Rwandan lawyer and politician

Jeanne d'Arc Debonheur (born 19 April 1978) is a Rwandan lawyer and politician who has been the Rwandan Cabinet Minister of Refugees and Disaster Management since 30 August 2017.

==Background and education==
She was born on 19 April 1978, and attended local Rwandan schools for her pre-university education. In 2012 she obtained a Master of Laws degree from the National University of Rwanda.

==Career==
Debonheur started her career in 2008, working as a Court Registrar in the Commercial Court, based in Musanze and Nyarugenge, serving in that capacity until 2011.

From 2011 until 2012 she worked as Legal Drafter and Advisor in the Chamber of Deputies of the bicameral Rwanda Parliament.

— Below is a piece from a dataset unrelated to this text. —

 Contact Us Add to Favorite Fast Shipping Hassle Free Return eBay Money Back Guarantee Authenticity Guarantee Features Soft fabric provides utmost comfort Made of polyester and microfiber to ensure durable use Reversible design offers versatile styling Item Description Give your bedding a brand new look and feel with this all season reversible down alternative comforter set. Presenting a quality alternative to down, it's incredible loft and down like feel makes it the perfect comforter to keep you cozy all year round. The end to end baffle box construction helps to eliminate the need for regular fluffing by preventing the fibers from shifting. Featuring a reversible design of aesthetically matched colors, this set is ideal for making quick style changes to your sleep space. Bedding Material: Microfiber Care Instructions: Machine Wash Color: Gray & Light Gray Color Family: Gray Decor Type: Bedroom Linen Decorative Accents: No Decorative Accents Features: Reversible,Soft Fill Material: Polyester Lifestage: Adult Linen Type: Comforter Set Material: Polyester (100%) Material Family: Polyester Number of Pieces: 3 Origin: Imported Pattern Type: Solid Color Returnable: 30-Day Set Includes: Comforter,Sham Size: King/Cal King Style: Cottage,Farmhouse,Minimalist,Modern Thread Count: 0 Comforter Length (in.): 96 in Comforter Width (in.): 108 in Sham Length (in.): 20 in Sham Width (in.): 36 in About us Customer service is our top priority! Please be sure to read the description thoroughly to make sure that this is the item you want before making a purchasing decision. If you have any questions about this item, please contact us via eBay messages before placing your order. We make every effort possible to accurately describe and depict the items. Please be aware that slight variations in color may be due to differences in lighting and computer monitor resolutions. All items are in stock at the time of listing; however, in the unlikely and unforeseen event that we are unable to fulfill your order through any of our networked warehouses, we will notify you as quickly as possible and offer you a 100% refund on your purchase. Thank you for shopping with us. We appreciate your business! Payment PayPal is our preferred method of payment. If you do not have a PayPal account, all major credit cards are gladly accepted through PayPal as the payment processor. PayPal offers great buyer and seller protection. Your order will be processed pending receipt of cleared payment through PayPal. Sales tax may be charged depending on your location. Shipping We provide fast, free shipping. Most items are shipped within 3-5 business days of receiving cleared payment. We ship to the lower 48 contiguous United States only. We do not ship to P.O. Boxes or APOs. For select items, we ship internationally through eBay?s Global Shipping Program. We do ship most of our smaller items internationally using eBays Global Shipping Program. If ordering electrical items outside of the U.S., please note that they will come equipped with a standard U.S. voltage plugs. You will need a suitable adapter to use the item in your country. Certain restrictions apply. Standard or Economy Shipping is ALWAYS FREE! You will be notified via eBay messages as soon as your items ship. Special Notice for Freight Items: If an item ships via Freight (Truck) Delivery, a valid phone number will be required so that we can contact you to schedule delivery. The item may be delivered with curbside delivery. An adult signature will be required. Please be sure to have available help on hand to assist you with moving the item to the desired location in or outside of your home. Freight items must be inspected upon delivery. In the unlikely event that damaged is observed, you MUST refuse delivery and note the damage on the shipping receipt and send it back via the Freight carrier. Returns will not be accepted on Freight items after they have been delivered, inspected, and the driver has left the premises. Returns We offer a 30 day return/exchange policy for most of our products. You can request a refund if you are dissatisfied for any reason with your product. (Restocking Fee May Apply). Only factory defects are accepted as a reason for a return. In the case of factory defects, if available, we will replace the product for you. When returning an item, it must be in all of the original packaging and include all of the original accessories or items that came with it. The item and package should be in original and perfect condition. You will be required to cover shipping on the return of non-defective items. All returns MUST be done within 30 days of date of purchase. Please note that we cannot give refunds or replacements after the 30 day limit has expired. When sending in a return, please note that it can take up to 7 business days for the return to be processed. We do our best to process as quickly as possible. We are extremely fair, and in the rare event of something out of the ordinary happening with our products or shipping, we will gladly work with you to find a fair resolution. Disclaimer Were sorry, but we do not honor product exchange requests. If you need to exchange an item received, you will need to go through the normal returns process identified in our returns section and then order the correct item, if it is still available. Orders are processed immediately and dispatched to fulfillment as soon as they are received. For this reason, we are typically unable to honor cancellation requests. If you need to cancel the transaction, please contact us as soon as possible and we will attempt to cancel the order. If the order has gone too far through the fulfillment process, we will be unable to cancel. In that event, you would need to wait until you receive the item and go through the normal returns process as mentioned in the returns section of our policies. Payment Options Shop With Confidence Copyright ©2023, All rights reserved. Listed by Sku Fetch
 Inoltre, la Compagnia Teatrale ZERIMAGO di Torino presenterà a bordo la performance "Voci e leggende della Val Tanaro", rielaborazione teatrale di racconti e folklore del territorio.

For a period of three months, from January 2013 to 23 April 2013, she served as the Legal Officer in "Rwanda Environment Management Authority" (REMA).

From 24 April 2013, Debonheur worked as a specialist in legislative drafting and as legal advisor to the Rwanda Senate, serving in that capacity until 29 August 2017.

On 31 August 2017, she was sworn in as the Rwanda Minister for Disaster Management and Refugee Affairs.

==Personal life==
Jeanne d'Arc Debonheur is a married mother of three children.